-- Exercise instructions --
Here is a listing, set out below; repeat its lines from the one with "Antique Silver Cowboy Prayer Western Buckle." to the last, both included, and leave out the pictures.

-- Data block --
'''
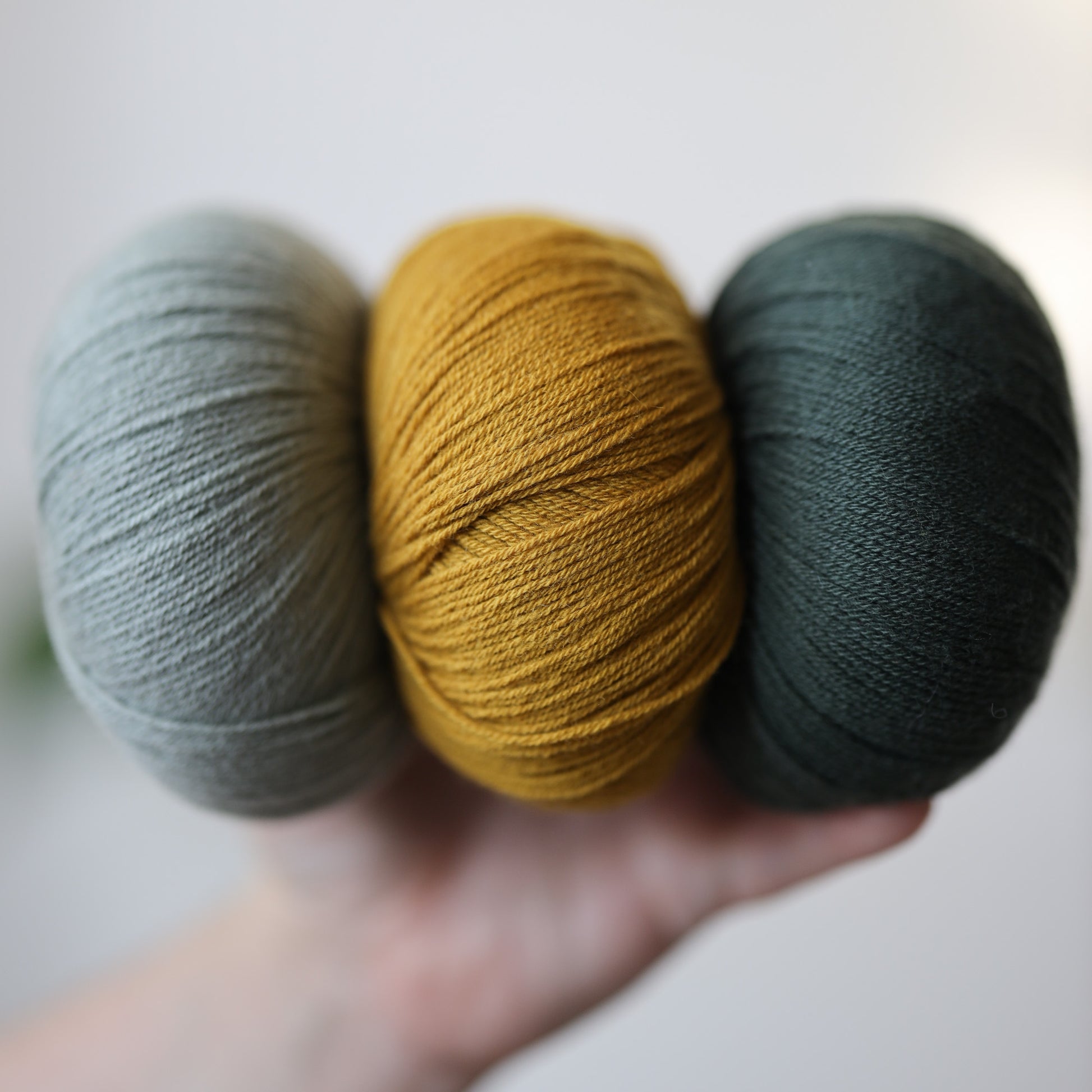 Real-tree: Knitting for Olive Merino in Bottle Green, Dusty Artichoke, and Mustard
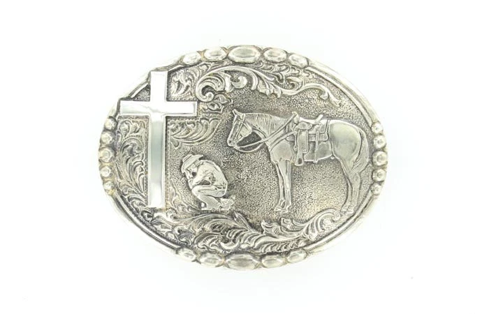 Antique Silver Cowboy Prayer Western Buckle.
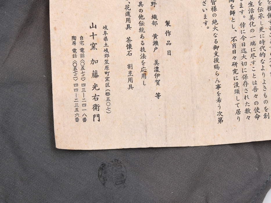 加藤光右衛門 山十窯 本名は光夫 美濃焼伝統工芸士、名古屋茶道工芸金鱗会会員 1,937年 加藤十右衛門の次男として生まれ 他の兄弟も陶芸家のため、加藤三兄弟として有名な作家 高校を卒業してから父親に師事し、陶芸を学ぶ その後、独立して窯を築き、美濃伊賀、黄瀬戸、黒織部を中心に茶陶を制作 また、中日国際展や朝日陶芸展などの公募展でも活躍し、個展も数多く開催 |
'''
-- Solution to this task --
 Antique Silver Cowboy Prayer Western Buckle.
 加藤光右衛門 山十窯 本名は光夫 美濃焼伝統工芸士、名古屋茶道工芸金鱗会会員 1,937年 加藤十右衛門の次男として生まれ 他の兄弟も陶芸家のため、加藤三兄弟として有名な作家 高校を卒業してから父親に師事し、陶芸を学ぶ その後、独立して窯を築き、美濃伊賀、黄瀬戸、黒織部を中心に茶陶を制作 また、中日国際展や朝日陶芸展などの公募展でも活躍し、個展も数多く開催 |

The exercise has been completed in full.